One upshot of the new management system was that the Midland followed the practice common on American railways of putting the role of Motive Power Superintendent (responsible for managing and allocating the railway's locomotive stock in service) under the authority of the Operating Department (with overall responsibility for managing the railway's services and timetables in response to demand) rather than the role being subordinate to the Chief Mechanical Engineer (responsible for providing and maintaining locomotives) as was usual in British railway companies. This had the effect of Midland locomotive policy from approximately 1910, further formalising the concept of more frequent, lighter trains hauled by relatively small locomotives - a situation which favoured the goal of the Operating Department (greater frequency, flexibility and overall volume of services) at the expense of the Motive Power Superintendent's natural preference for a smaller number of more powerful locomotives (a smaller number of more easily-managed, less labour-intensive assets performing the same work) or the ability of the Derby works (under the CME) to design such locomotives.
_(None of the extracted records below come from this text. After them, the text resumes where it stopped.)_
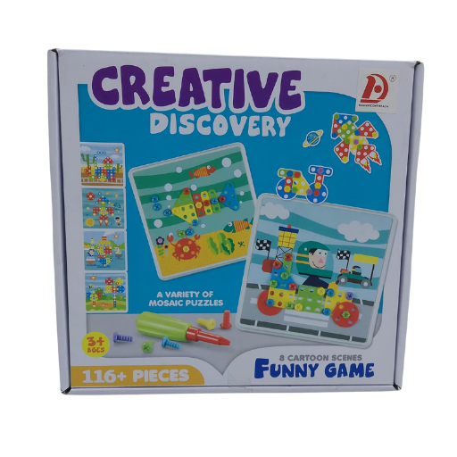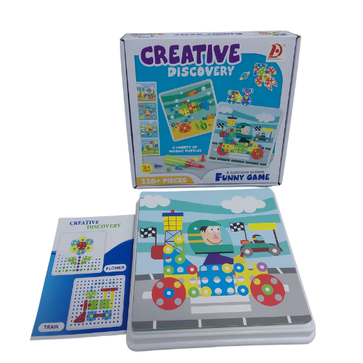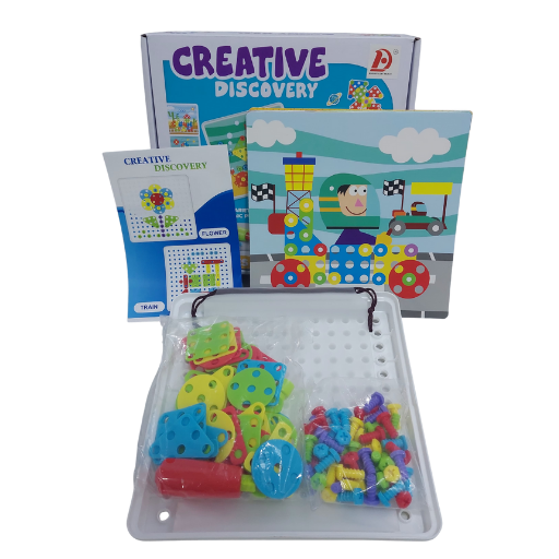 حقيبة المهندس الصغير لعبة فك وتركيب ممتعة فيها مفك ومسامير بلاستيك امنة و116 قطعة ملونة بتخلي طفلك يبني اشكال هندسية ولوحات فنية وينمي ذكاؤه وتركيزه بعيد عن الشاشات
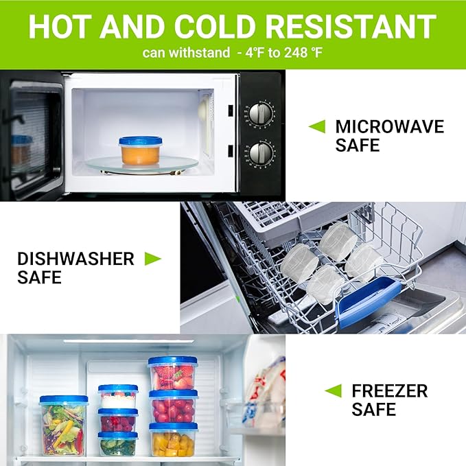 - Premium Material: These meal prep containers are made of food grade PP plastic, crystal clear, sturdy and stackable, can withstand -4℉ to 248 ℉, safe for microwave, freezer and dishwasher. NOTE: Please remove the lid before heating in the microwave
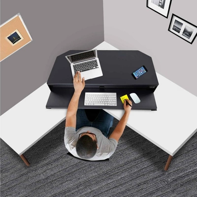 - SLEEK CORNER DESK: With its angled design, this desk converter fits perfectly into corners and is perfect for L-shaped desks. Hide all those unsightly cords with built-in cord management
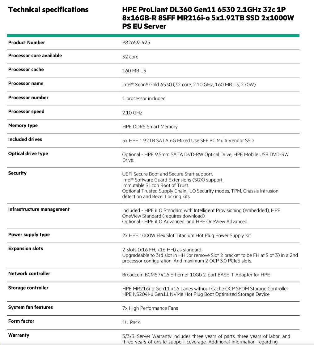 Product Number P82659-425 Processor core available 32 core Processor cache 160 MB L3 Processor name Intel Xeon Gold 6530 (32 core, 2.10 GHz, 160 MB L3, 270W) Processor number 1 processor included Processor speed 2.10 GHz Memory type HPE DDR5 Smart Memory Included drives 5x HPE 1.92TB SATA 6G Mixed Use SFF BC Multi Vendor SSD Optical drive type Optional - HPE 9.5mm SATA DVD-RW Optical Drive, HPE Mobile USB DVD-RW Drive. Security UEFI Secure Boot and Secure Start support. Intel Software Guard Extensions (SGX) support. Immutable Silicon Root of Trust. Optional Trusted Supply Chain, iLO Security modes, TPM, Chassis Intrusion detection and Bezel Locking kits. Infrastructure management Included - HPE iLO Standard with Intelligent Provisioning (embedded), HPE OneView Standard (requires download). Optional - HPE iLO Advanced, and HPE OneView Advanced. Power supply type 2x HPE 1000W Flex Slot Titanium Hot Plug Power Supply Kit Expansion slots 2-slots (x16 FH, x16 HH) as standard. Upgradeable to 3rd slot in HH (or remove Slot 2 bracket to be FH at Slot 3) in a 2nd processor configuration. And maximum 2 OCP 3.0 PCIe5 slots. Network controller Broadcom BCM57416 Ethernet 10Gb 2-port BASE-T Adapter for HPE Storage controller HPE MR216i-o Gen11 x16 Lanes without Cache OCP SPDM Storage Controller HPE NS204i-u Gen11 NVMe Hot Plug Boot Optimized Storage Device System fan features 7x High Performance Fans Form factor Warranty 1U Rack 3/3/3: Server Warranty includes three years of parts, three years of labor, and three years of onsite support coverage. Additional information regarding worldwide limited warranty and technical support is available at: https://h20564.www2.hpe.com/hpsc/wc/public/home. Additional HPE support and service coverage, to supplement the product warranty, is available. For more information, visit https://www.hpe.com/support
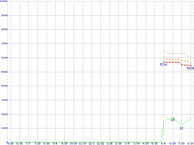 | Celeron 420 (1.6GHz)の価格推移 | | | (2006年5月26日~2007年8月10日) |
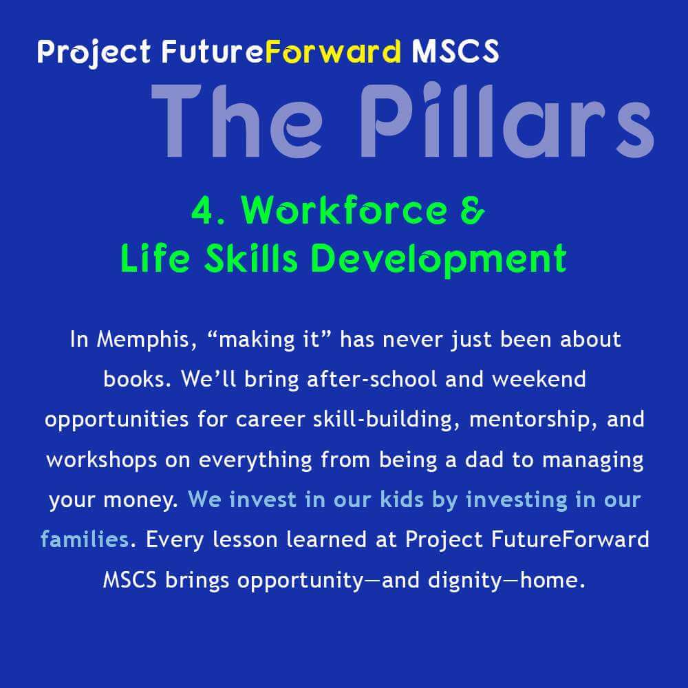 In Memphis, “making it” has never just been about books. We’ll bring after-school and weekend opportunities for career skill-building, mentorship, and workshops on everything from being a dad to managing your money. We invest in our kids by investing in our families. Every lesson learned at Project FutureForward MSCS brings opportunity—and dignity—home.
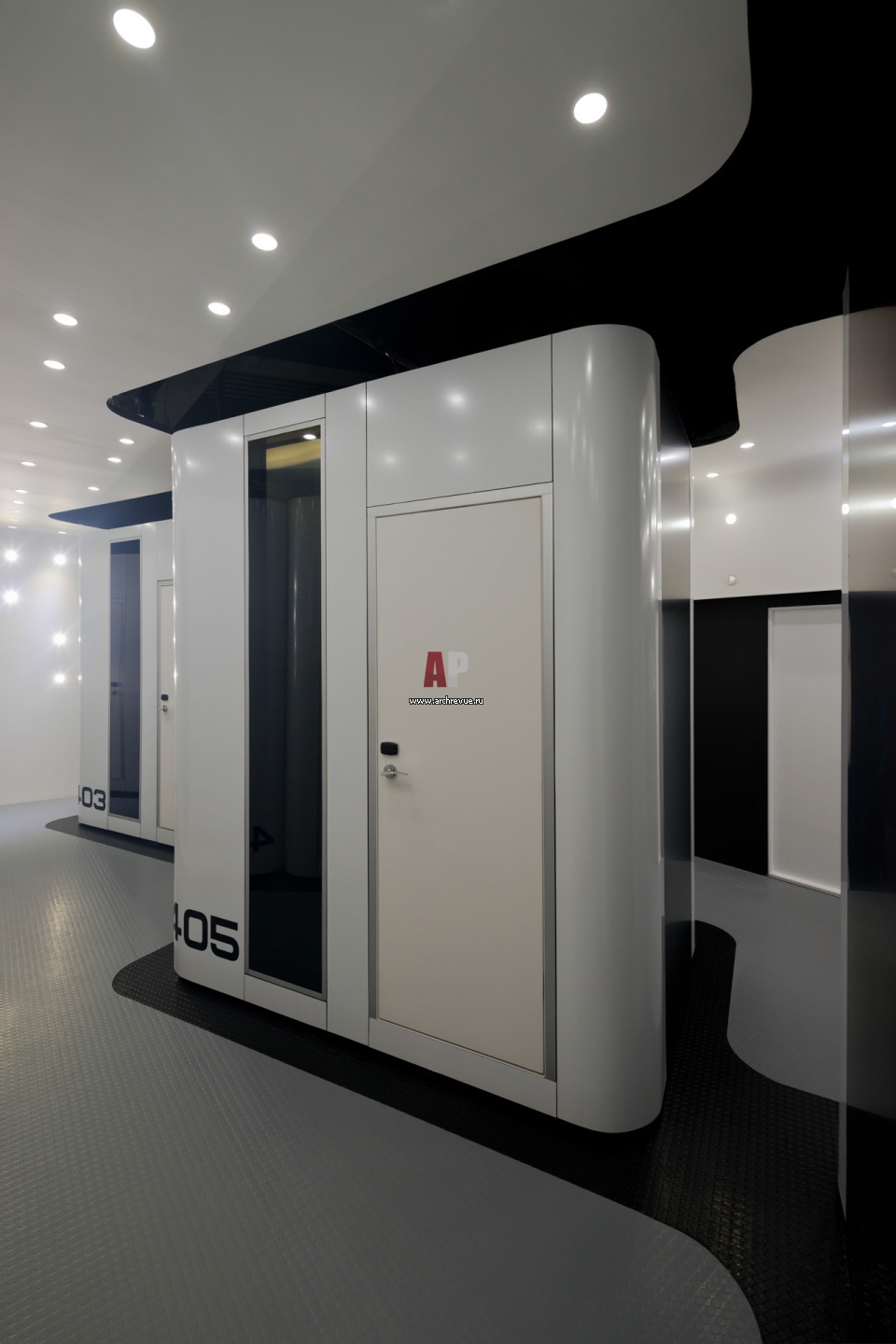 Интерьер холла отеля. Группа слипбоксов третьего этажа. Рисунок пола повторяет рисунок потолка, поэтому каждая группа боксов визуально отделена от стен и пола черной зоной.

Smaller, less powerful engines also allowed savings in civil engineering upgrades as they permitted lighter-laid track and cheaper bridges to be retained for longer into the 20th century - thus there is an interaction with Route Availability - primarily based on axle loadings - although this concept was not formalised into classifications in Midland or LMS days (contrast to the Great Western Railway, q.v.). In turn this acted against the widespread adoption of larger, heavier engines as this would require a simultaneous large-scale civil engineering programme to improve the Midland's permanent way and associated structures. Similarly, the Midland was unusual among British railways by continuing to favour roundhouses to stable and service its locomotives instead of the more common longitudinal shed. While a shed could be relatively easy expanded and lengthened to accommodate larger locomotives, the roundhouses could not, further adding a secondary cost to adopting large engines. Another such factor was that decades of running light, short trains meant that the Midland's network featured shorter-than-average sidings and passing loops - if more powerful locomotives were to be procured and used to the full, these would have to be rebuilt to work with longer trains.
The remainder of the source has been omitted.